Supplied data:
..........

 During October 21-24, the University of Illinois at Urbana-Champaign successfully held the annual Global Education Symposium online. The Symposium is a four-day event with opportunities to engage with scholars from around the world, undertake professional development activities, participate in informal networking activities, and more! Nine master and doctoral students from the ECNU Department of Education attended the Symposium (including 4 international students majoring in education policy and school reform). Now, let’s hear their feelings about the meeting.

..........

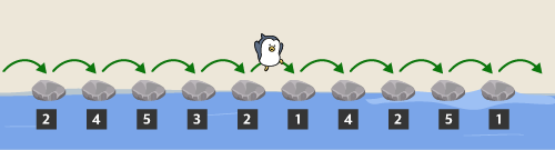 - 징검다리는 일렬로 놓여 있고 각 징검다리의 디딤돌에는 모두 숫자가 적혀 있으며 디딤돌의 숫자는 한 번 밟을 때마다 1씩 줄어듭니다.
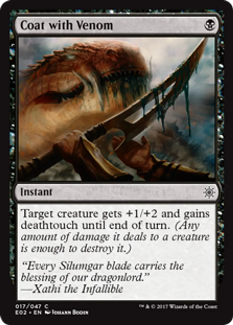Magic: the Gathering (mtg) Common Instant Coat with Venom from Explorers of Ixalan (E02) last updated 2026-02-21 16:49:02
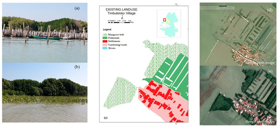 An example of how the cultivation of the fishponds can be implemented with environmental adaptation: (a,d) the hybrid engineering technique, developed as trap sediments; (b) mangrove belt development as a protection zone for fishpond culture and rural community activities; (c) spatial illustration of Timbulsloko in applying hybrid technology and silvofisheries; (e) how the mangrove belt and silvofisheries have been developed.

..........

Work request: The lines to set down run from the line with "Magic: the Gathering" up to and including the line with "An example of" in the entries above. Reproduce them exactly, with no pictures.

Task solution:
Magic: the Gathering (mtg) Common Instant Coat with Venom from Explorers of Ixalan (E02) last updated 2026-02-21 16:49:02
 An example of how the cultivation of the fishponds can be implemented with environmental adaptation: (a,d) the hybrid engineering technique, developed as trap sediments; (b) mangrove belt development as a protection zone for fishpond culture and rural community activities; (c) spatial illustration of Timbulsloko in applying hybrid technology and silvofisheries; (e) how the mangrove belt and silvofisheries have been developed.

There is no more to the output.